Not sure what other people would think, but in my mind, creep feeding *IS* pushing the feed.


----------



## toth boer goats (Jul 20, 2008)

SunnyDaleBoers explained it perfectly. 

Creep feeding is to help with normal growth, not to make them overly fat way to fast and unhealthy as well.


----------



## SunnydaleBoers (Jul 28, 2012)

Tenacross said:


> Not sure what other people would think, but in my mind, creep feeding *IS* pushing the feed.


I think the main difference is the amount of time you're trying to get results in.
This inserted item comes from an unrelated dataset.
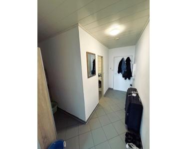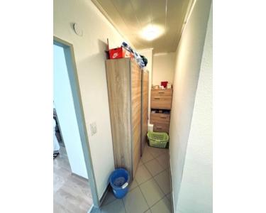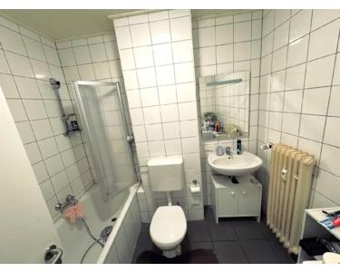 Ein kleiner Flur, von da aus ins Bad, das mit Badewanne ausgestattet ist, Waschmaschine und Trockner werden hier ebenfalls aufgestellt. Der andere Durchgang ins ca. 20m² große Wohnzimmer mit Ausgang auf den ca. 5m² großen West-Balkon.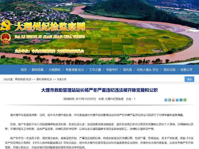 大理市救助管理站站长杨严冬严重违纪违法被开除党籍和公职

Creep feeding is more to make sure they've got the groceries to hit their full growth potential during a normal growth period (and more and more studies are showing it really helps w/ rumen development, etc). Pushing generally results in animals that have hit their full growth in a much shorter amount of time. Overall I'm not a fan of pushing- I think it puts a lot of unnecessary stress on the animal which tends to greatly reduce productive life. However, I can see the benefit for feed lots and meat animals, and to a limited extent with dairies etc, but it's a pretty fine line to keep your feed costs from eating up your profits.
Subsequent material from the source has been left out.